Among the lines below, output only those between the line holding "4、翻炒到鱼片基本变色变熟,关火装盘。" and the line holding "Post Card, illustrated", inclusive, exactly as written and with no pictures.
═══ Dataset section
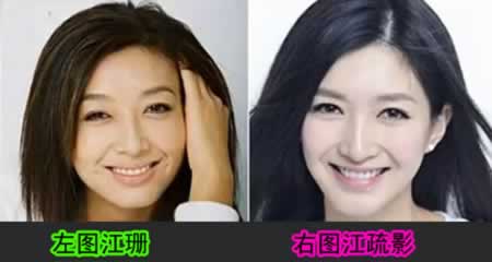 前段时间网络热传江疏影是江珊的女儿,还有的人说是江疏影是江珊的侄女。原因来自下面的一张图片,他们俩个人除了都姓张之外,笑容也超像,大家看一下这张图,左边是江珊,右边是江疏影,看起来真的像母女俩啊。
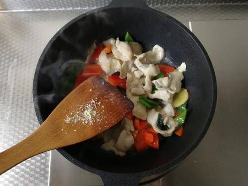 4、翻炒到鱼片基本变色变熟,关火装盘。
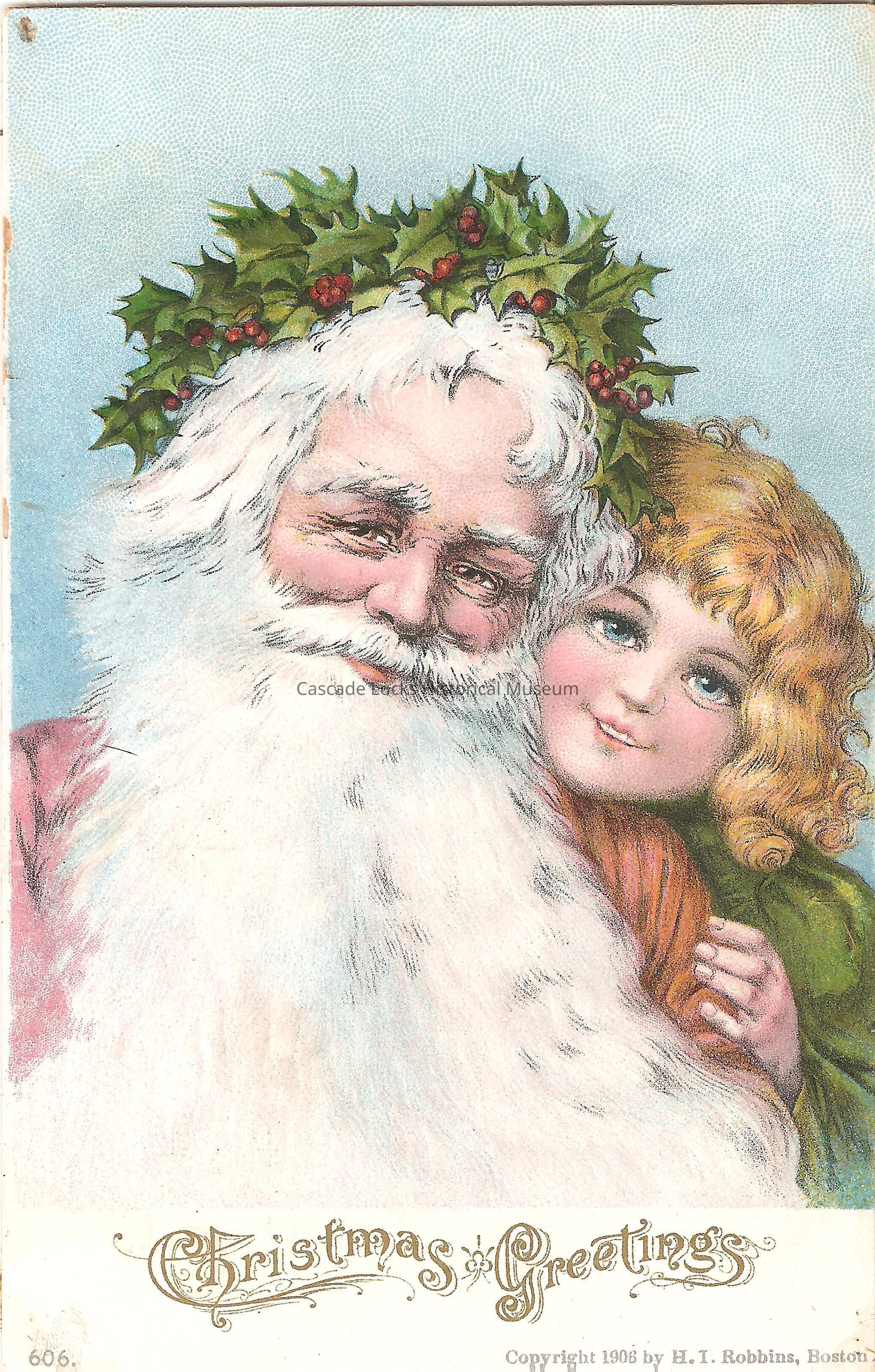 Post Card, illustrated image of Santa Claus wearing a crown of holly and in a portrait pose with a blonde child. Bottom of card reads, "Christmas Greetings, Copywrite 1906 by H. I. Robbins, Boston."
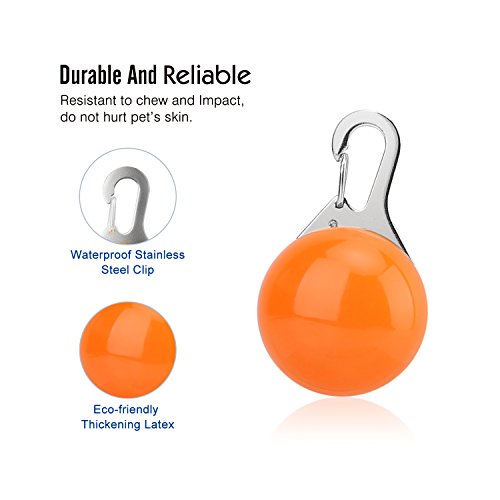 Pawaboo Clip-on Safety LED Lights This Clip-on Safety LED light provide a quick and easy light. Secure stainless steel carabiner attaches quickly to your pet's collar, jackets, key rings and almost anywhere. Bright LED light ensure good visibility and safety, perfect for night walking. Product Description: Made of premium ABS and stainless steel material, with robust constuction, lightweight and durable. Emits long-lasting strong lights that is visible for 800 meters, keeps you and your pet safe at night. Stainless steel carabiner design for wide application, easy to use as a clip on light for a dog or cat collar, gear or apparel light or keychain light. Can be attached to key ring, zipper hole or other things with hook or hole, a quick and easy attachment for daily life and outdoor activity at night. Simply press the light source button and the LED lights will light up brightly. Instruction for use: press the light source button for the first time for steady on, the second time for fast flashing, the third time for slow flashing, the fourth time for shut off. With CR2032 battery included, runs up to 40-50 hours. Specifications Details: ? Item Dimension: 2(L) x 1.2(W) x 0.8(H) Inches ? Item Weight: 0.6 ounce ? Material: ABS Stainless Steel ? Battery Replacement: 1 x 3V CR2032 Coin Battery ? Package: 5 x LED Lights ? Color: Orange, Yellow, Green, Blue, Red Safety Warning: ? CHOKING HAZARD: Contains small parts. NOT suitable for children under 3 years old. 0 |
══════
- _Task output_:
 4、翻炒到鱼片基本变色变熟,关火装盘。
 Post Card, illustrated image of Santa Claus wearing a crown of holly and in a portrait pose with a blonde child. Bottom of card reads, "Christmas Greetings, Copywrite 1906 by H. I. Robbins, Boston."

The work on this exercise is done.